Кстати, даже “Замок” Кафки можно прочитать соответствующим образом как бюрократическую (неофеодальную) футурологию соотношения двух сил: управленцев-юристов, заместивших/вытеснивших прежнюю аристократию, творящих на живую нитку “по прежним образцам” свой тайный, синкретичный быт — и буржуазии, униженной и поверженной в прах, ввергнутой в деревенский, материальный быт производящей стихии. Ведь население лощины — это, в сущности, гротескные, разбитые всмятку образы наших люмпенов-олигархов (а равно и других местных хозяйчиков), которые находятся в непростых (телефонных) отношениях с лабиринтом власти, расположенным на высоком холме. Но данное замечание — частная маргиналия, не о том речь…
Основное, что хотелось бы подчеркнуть: постиндустриальный мир — я пользуюсь подобным ярлыком, поскольку иного, столь же расхожего, нет — не только особое деятельное пространство. Но, умножая число интеллектуалов и творцов, он вызывает к жизни особый “опасный класс”, раскалывающий скорлупу прежнего, буржуазного порядка вещей. При этом динамичное сословие и многолико, и изменчиво: начни его исчислять, анализировать, тут же возникают разночтения и противоречия…

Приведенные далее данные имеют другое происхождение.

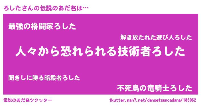 | 意味不明あだ名 | 『住所不定無職ろした(7歳)』 |

В процессе перестройки в России новый класс, в своей обновленной, постиндустриальной ипостаси, также шел к рычагам власти. Со всеми присущими ему изъянами — эклектичный, искалеченный, уже тогда коррумпированный. И тем не менее, это был прорыв к власти людей, теснейшим образом связанных с постиндустриальной ментальностью и нематериальным производством. Вспомним Горбачева, политического авангардиста своего времени, посмотрим на этого боязливого, но инициативного номенклатурного знаменосца с непривычной точки зрения — как на представителя советской постиндустриальной культуры, с ее слабостями и противоречиями: вглядимся в тех, кто его окружал, и увидим, что определенный резон в подобной оценке есть…

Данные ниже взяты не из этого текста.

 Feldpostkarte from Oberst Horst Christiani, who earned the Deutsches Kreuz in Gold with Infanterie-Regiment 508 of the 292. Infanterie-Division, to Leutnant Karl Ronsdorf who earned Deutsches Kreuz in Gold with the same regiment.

Но главное все-таки другое — совершив путь наверх и даже получив рычаги власти, постиндустриальный российский класс удержать ее не сумел. Почему — оставим за скобками. К власти же пришла совершенно другая порода, которая была связана с организованной асоциальной деятельностью, с оперативно-тактическим, проектным мышлением, обладавшая гибкой системой эффективных социальных связей: средняя партийно-комсомольская номенклатура, представители спецслужб, их многочисленная агентура и криминальный мир — обширная, деятельная субкультура. Дело даже не в том, что центральной сферой их интересов стал не высокотехнологичный, а сырьевой сектор, но скорее в “психологии утилизаторов”: в отношении к возможностям российского пространства новизны как к трофею, к тому же не вполне законно приобретенному и потому слегка обжигающему пальцы (что-то подобное уже бывало в российской истории).
Почему пришли варвары? Была страстность, была воля к жизни, была широкая дорога. И еще потому, что многие также являлись пасынками нового порядка вещей, правда, детьми его другой, “джиласовской” ветви.

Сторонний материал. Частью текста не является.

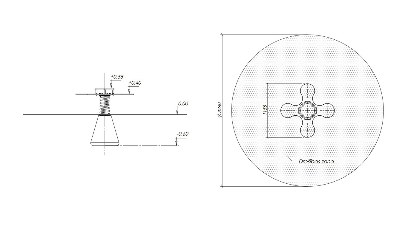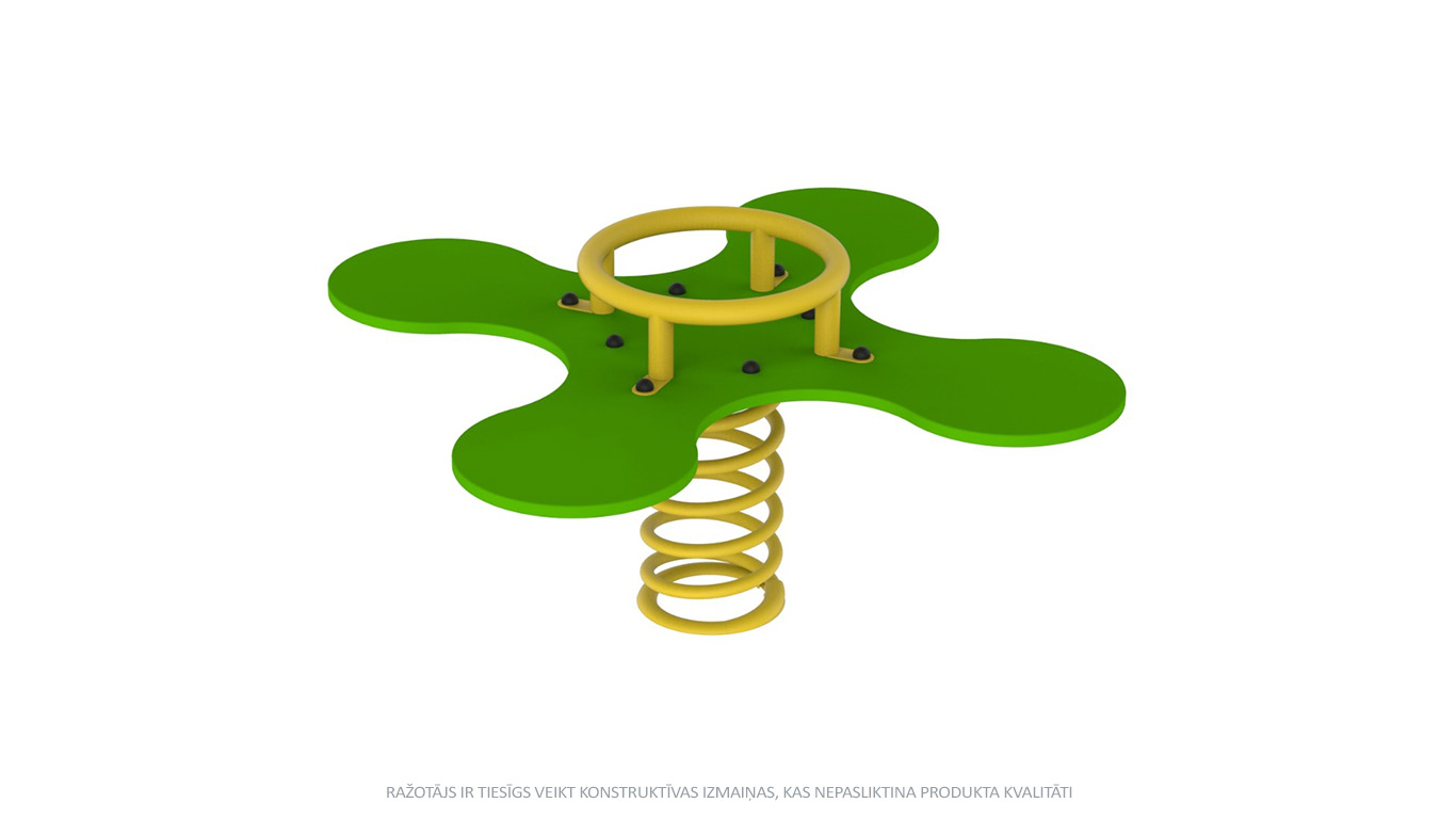 Iekārta paredzēta vienlaicīgai lietošanai 4 bērniem, vecumā no 2 līdz 7 gadiem. Karkass puķītes formā. Pamatnē cinkota atspere ar betonēšanas enkuru.

Новые люди могли действовать — и действовали — вне прежних моральных, юридических и национальных границ. Однако их энергия вела не к модернизации России, а к очевидной, особенно за пределами Московии, архаизации. Они утащили Россию из высокотехнологичного сообщества в какие-то другие миры, расположенные между индустриальным огородом цивилизации и свалкой человеческих отходов. И, возможно, как-то повлияли на моральные принципы, признаваемые обществом в качестве нормы…
Глобальная революция влечет множество следствий. Перед разными странами и народами в различных исторических обстоятельствах вставал в скрытой форме либо в полный рост роковой вопрос: имеют ли они право на суверенное существование в меняющемся мире? На прежнее имя? Кажется, и перед Россией-РФ возник этот же вопрос. Нам ведомы непростые метафизические и исторические обстоятельства, связанные с обретением и утратой благодати: падение Адама, преступление его старшего сына, утрату первородства Исавом, царственности Саулом, грех Давида и его плач по безымянному сыну, да и падение самого ветхозаветного Израиля. Или определение права города (страны) на бытие по наличию в нем некоторого числа праведников либо способности к внутренней мобилизации: Содом, Гоморра, но и Ниневия… И первый, и второй Рим… Найдется ли сейчас в России определенное количество людей, которые на гипотетическом — постоянно совершающемся — Суде (скажем так, историческом) способны подтвердить подобное право страны и оправдать ее дальнейшее существование?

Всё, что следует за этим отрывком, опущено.